Magazine article Editor & Publisher

Can O.J. Get a Fair Trial? Debate on Fairness of Media Coverage Continues

Magazine article Editor & Publisher

Can O.J. Get a Fair Trial? Debate on Fairness of Media Coverage Continues

Article excerpt

THE QUESTION OF whether O.J. Simpson can get a fair trial despite cascading media coverage is developing into a hot issue as the story continues to break in startling and controversial ways.

The debate on fairness quickened after the print and broadcast media disclosed frantic 911 calls to the Los Angeles Police Department from Simpson's ex-wife, Nicole, pleading for protection from Simpson, who is charged with murdering her and her friend, Ronald Goldman.

After a 1989 call, according to police records, officers saw Nicole running out of bushes near her home, bruised and scratched.

"He's going to kill me, he's going to kill me," she reportedly told the patrolmen.

Other LAPD documents obtained by a media request under the California Public Records Act, alleged that during a New Year's Eve party, Simpson punched and kicked his wife, pulled her hair and screamed, "I'll kill you."

On June 23, the Los Angeles Times published partial transcripts of two 911 calls made Oct. 25, 1993, by Nicole Brown Simpson in which she asks police to send someone to her house, saying that Simpson had broken down the door and was yelling and swearing at her.

"He's fucking going nuts" she tells the police dispatcher.

The day after the Times and other media revealed those 911 calls, a grand jury considering an indictment of Simpson was removed from the case by a Los Angeles judge who declared its members had been tainted by media reports of the case.

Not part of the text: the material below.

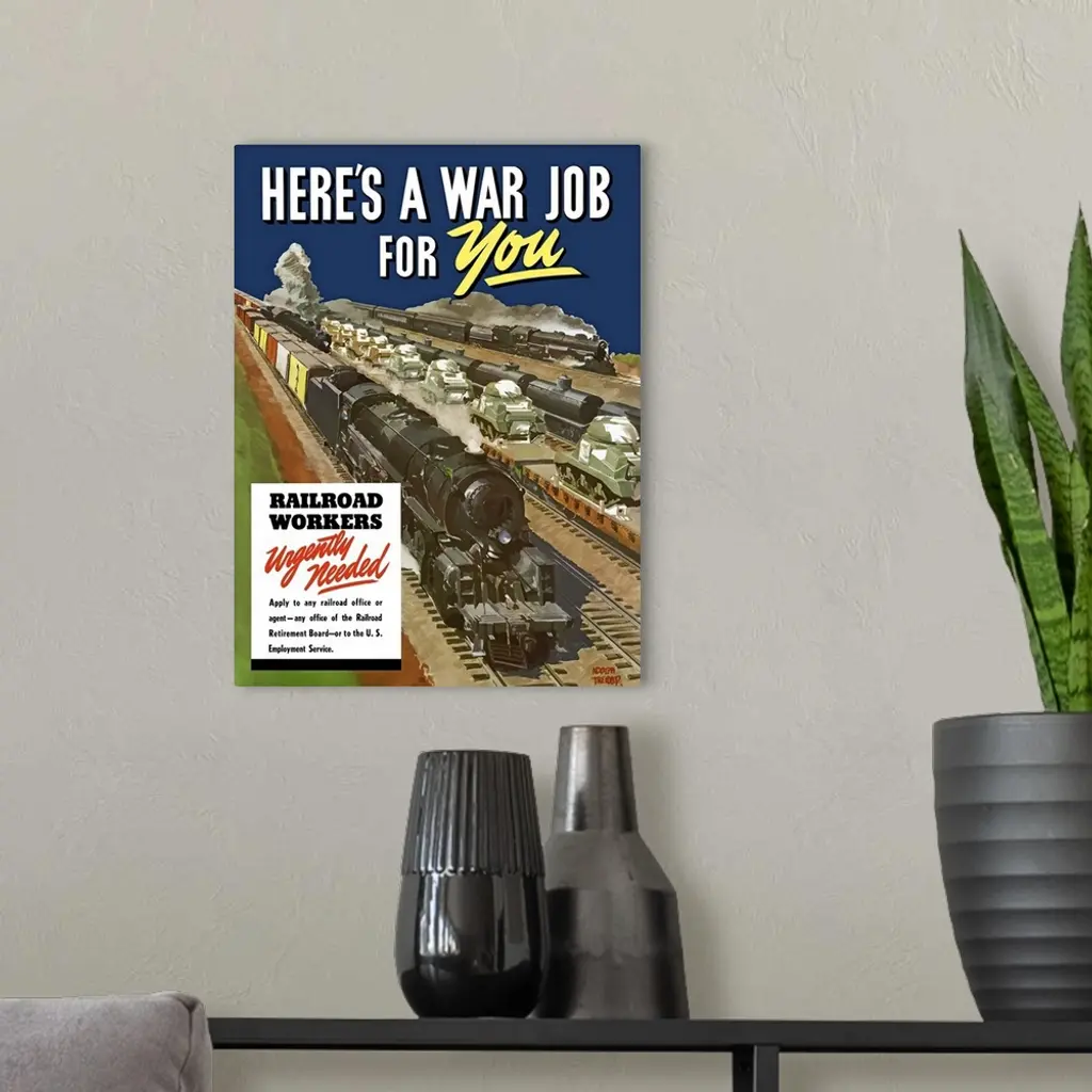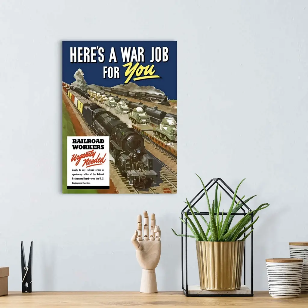 Digitally restored vector war propaganda poster. This vintage World War II poster features trains speeding their cargo down the rails. It declares - Here's a war job for you, Railroad Workers Urgently Needed. Apply to any railroad office or agent, any offices of the railroad retirement board, or to the U.S. Employment Service.

In the stunning development, Superior Court Judge Cecil Mills ruled that the panel had "become aware of potentially prejudicial matters," apparently referring to the 911 tapes.

Mills issued the order after Simpson's lead attorney, Robert Shapiro, filed a motion to halt the grand jury proceedings, saying he was acting to "protect the due process rights of Mr. Simpson and the integrity of the grand jury system."

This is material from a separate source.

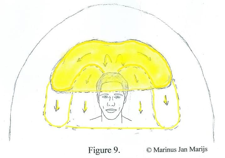 Going up to the next level, the yellow subtle energy no longer comes from the forehead chakra but from the crown chakra. This yellow subtle energy starts above the crown chakra and then slowly moves downwards till it reaches shoulder-height, where it dissolves, to be replaced by another wave of yellow subtle energy, starting above the crown chakra, and so on (see figure 9). Here also, the time lapsing between two waves of energy is approximately 4.7 seconds.

Mills took the case away from the panel, sealed all related records and ordered jurors not to discuss details about their deliberations in public. But one juror told the Times: "Almost everything that the jury knows has been reported in the paper."

District Attorney Gil Garcetti said he also sought the grand jury's dismissal in the case, saying he was concerned about heavy news coverage of the tapes.

However, both Shapiro and Garcetti seemingly have lost no opportunity appear before the local and national media with their side of the case.

With the grand jury out of the picture, the charges against Simpson were being aired at a preliminary hearing. Unlike grand jury proceedings, the defense will have an opportunity to cross examine prosecution witnesses at the hearing, which was being covered by a huge swarm of reporters.

Famed trial attorney F. Lee Bailey, a member of Simpson's legal team, reportedly played a major role in the motion to dismiss the grand jury.

In an interview with the Times, Bailey recalled his handling of the 1966 murder trial of Dr. Sam Sheppard. He said the prosecution disclosed evidence to the news media that was never presented at the trial.

On June 28, the Times published the results of its poll in which 67% of the 1,023 respondents believed the media have been irresponsible in reporting on the murder's, a criticism that has been heard around the country in oped pages and public affairs broadcast programs. …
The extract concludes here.